_EXERCISE DIRECTIONS_:
Once you find the line with "Employment New Hire" in the entries below, print it and each line after it up to and including the line with "Ältere Frau in", exactly, without pictures.
___ EXERCISE DATA ___
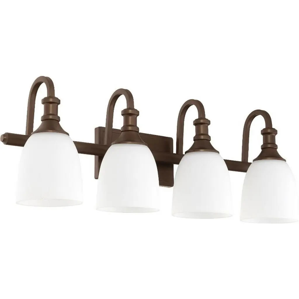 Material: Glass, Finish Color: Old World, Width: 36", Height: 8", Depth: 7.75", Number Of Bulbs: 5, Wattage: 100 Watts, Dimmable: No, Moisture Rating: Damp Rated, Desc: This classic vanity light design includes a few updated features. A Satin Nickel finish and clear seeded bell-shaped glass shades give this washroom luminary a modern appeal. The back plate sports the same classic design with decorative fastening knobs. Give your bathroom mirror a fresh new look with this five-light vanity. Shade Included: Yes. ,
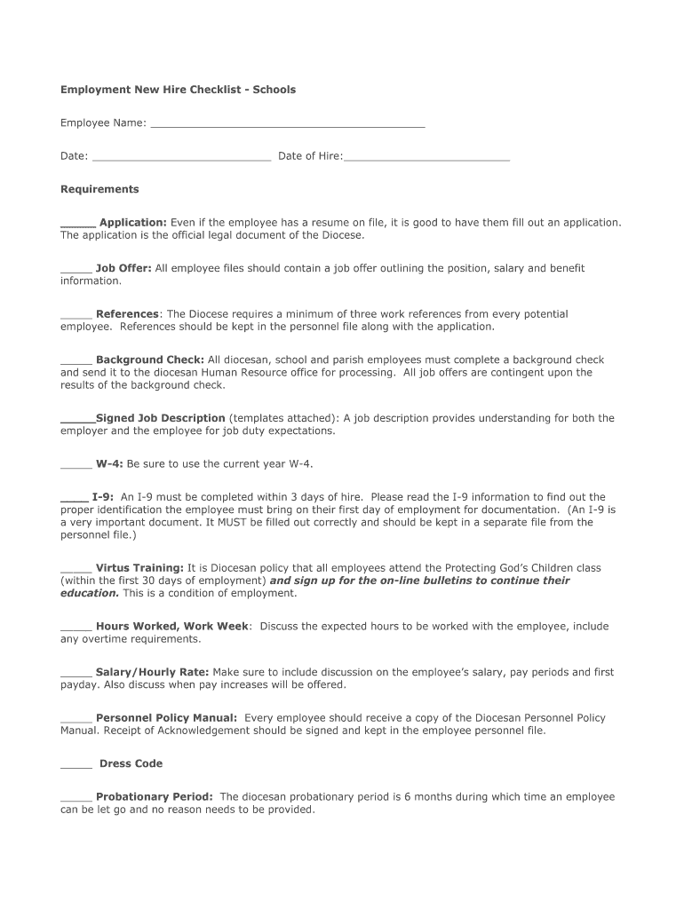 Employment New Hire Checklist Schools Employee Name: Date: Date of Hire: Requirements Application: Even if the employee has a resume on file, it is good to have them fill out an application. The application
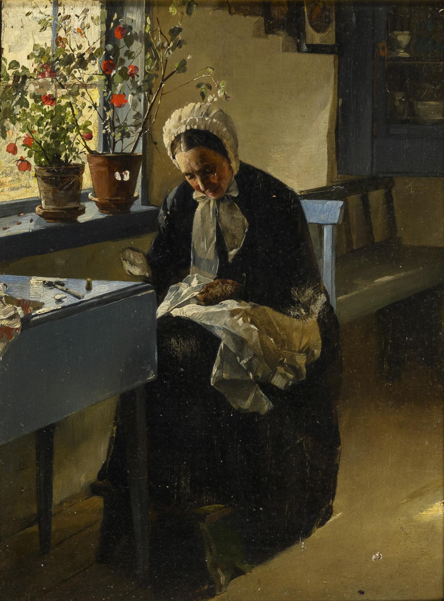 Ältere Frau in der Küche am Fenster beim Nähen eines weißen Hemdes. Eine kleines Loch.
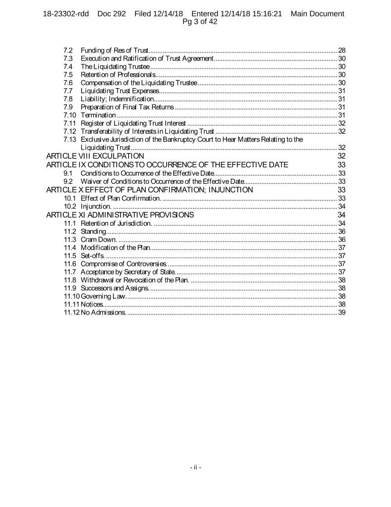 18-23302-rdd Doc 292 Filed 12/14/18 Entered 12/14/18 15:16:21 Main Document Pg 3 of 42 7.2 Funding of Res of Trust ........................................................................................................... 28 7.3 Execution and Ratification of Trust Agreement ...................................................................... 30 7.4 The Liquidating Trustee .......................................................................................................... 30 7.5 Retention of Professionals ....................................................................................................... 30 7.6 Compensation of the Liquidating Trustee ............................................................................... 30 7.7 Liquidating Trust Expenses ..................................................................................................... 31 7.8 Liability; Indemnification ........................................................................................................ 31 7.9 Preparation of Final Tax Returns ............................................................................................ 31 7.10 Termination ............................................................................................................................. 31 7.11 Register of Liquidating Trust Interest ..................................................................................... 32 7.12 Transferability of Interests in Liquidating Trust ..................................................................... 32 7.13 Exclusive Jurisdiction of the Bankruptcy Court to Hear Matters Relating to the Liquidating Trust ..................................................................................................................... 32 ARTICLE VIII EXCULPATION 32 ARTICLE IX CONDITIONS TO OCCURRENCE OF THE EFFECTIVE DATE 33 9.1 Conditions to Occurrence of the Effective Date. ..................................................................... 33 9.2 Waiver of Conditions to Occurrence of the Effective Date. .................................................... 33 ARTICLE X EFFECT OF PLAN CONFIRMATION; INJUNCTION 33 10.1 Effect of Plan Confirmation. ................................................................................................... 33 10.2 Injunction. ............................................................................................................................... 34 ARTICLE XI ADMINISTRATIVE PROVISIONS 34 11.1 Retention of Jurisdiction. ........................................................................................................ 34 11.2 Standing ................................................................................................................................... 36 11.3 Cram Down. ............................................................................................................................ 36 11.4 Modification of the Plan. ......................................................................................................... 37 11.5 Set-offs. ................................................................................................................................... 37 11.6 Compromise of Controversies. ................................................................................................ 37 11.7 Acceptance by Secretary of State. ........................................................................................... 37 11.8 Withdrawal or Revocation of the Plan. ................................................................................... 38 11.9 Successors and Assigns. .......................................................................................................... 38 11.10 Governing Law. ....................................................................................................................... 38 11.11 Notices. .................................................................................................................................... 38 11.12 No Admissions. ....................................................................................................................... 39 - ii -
___
___ EXERCISE DATA ___
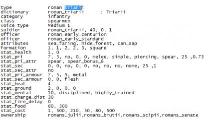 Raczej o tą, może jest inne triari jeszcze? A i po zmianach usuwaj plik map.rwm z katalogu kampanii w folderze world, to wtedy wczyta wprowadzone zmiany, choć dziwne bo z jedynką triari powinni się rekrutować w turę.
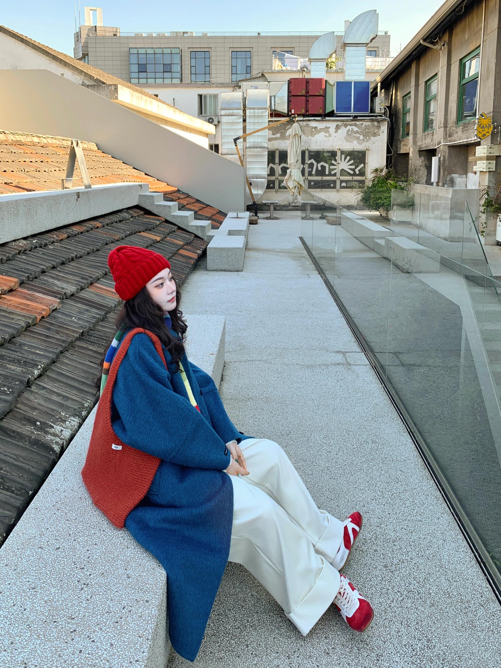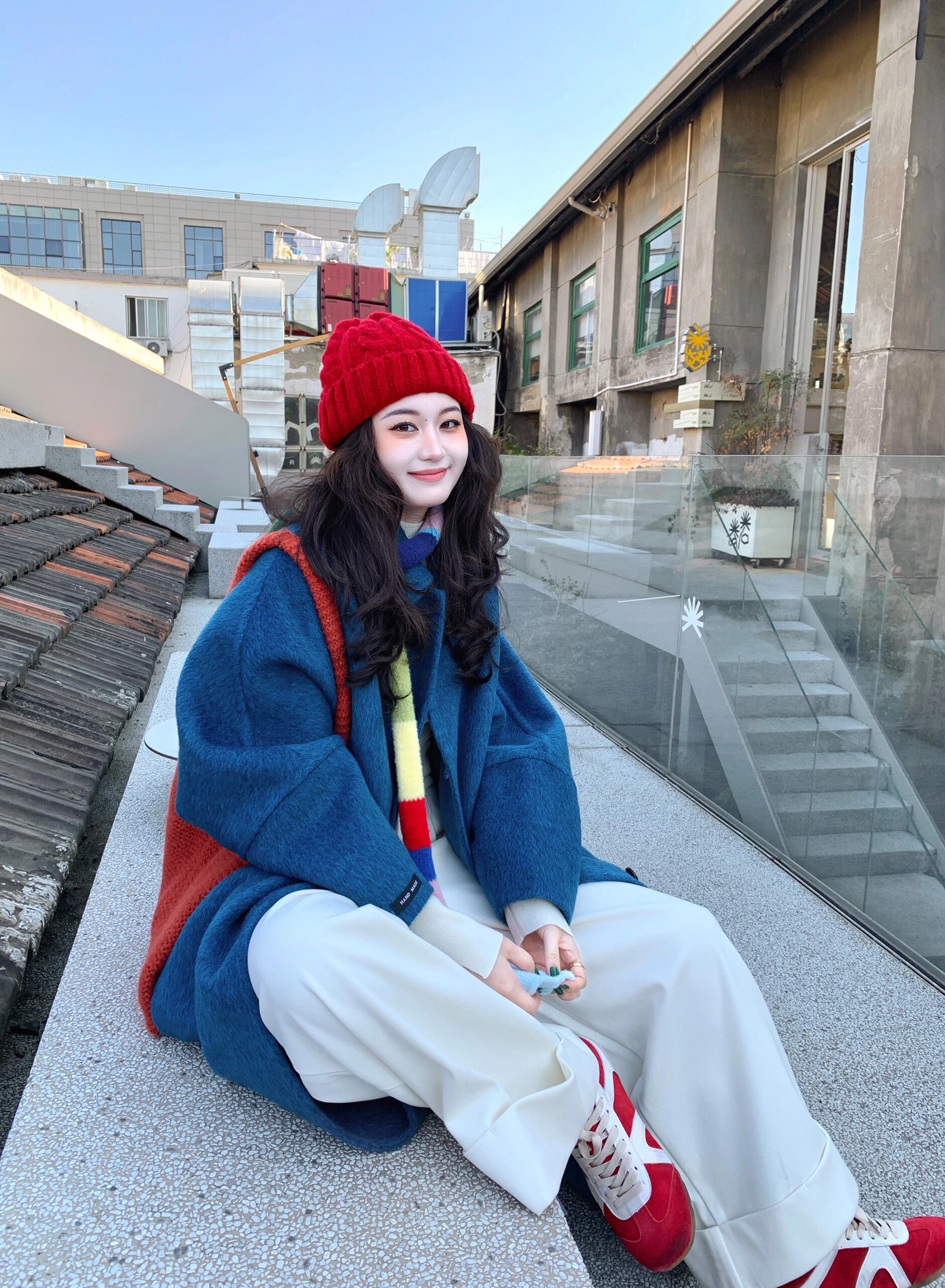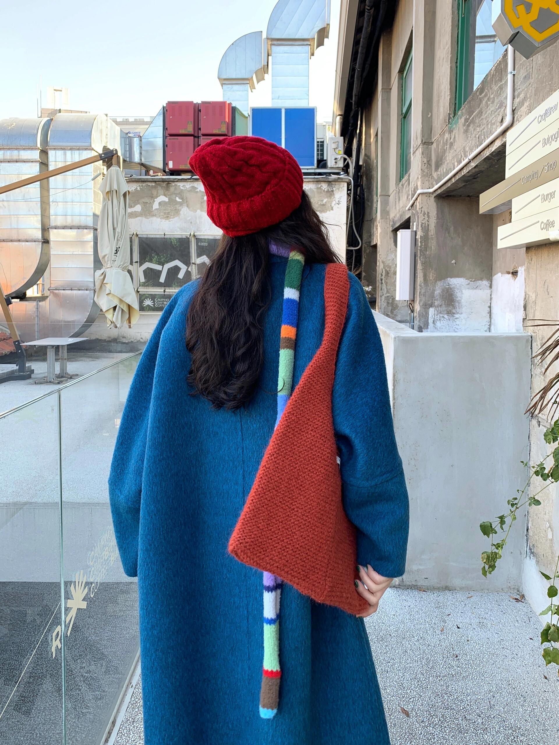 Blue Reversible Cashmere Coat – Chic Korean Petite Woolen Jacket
___
___ EXERCISE DATA ___
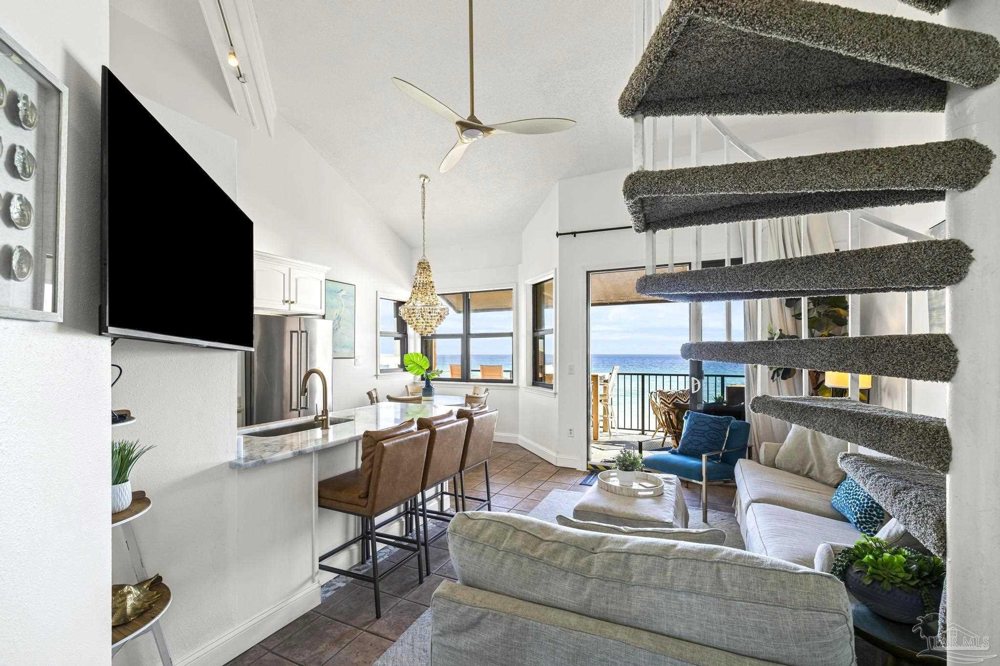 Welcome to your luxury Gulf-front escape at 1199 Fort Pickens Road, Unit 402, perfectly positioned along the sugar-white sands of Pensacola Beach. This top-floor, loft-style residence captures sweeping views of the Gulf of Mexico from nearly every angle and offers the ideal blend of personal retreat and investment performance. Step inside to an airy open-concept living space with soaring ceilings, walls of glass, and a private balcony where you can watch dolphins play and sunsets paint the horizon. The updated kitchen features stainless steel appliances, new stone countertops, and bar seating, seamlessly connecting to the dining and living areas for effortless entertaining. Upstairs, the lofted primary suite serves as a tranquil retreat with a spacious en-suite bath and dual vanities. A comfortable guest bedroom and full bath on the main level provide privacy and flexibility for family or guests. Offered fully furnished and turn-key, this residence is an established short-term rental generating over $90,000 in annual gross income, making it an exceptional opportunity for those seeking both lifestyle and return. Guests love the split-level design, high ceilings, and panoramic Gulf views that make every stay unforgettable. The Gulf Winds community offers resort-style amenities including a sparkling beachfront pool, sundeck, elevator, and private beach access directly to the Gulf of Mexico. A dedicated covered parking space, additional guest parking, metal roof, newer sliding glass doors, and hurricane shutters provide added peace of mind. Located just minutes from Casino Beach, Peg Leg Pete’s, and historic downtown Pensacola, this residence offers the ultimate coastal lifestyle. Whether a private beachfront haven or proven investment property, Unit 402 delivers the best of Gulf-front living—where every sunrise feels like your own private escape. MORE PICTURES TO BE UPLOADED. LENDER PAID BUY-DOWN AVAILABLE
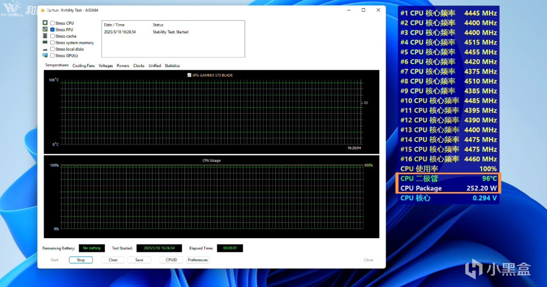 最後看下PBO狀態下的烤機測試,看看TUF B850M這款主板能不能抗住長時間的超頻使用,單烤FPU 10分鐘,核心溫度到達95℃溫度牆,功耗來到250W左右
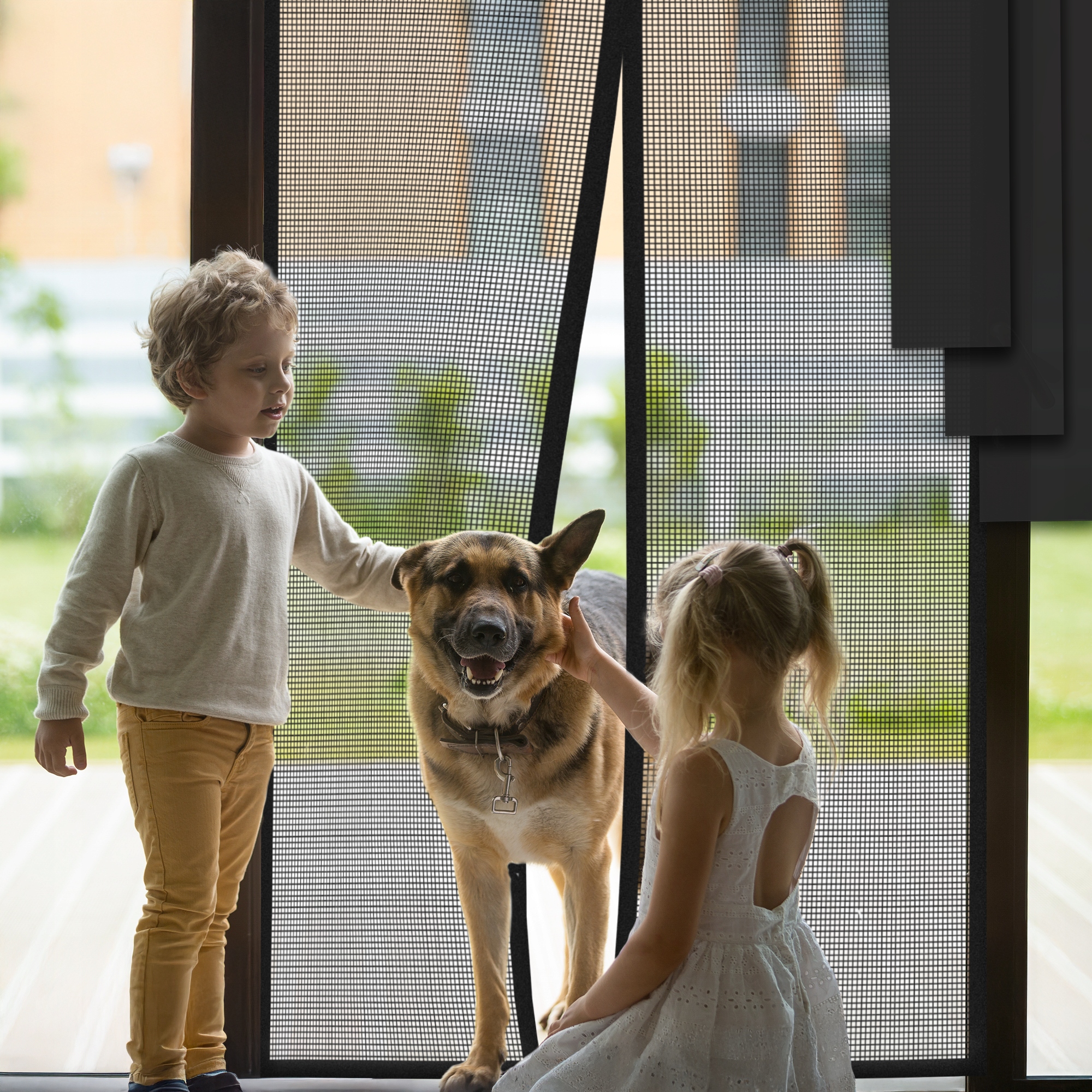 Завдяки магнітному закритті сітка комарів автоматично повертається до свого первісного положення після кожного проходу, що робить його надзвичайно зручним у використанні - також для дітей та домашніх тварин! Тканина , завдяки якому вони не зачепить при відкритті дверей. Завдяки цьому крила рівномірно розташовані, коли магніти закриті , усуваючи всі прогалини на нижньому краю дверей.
___
_ANSWER BOX_:
 Employment New Hire Checklist Schools Employee Name: Date: Date of Hire: Requirements Application: Even if the employee has a resume on file, it is good to have them fill out an application. The application
 Ältere Frau in der Küche am Fenster beim Nähen eines weißen Hemdes. Eine kleines Loch.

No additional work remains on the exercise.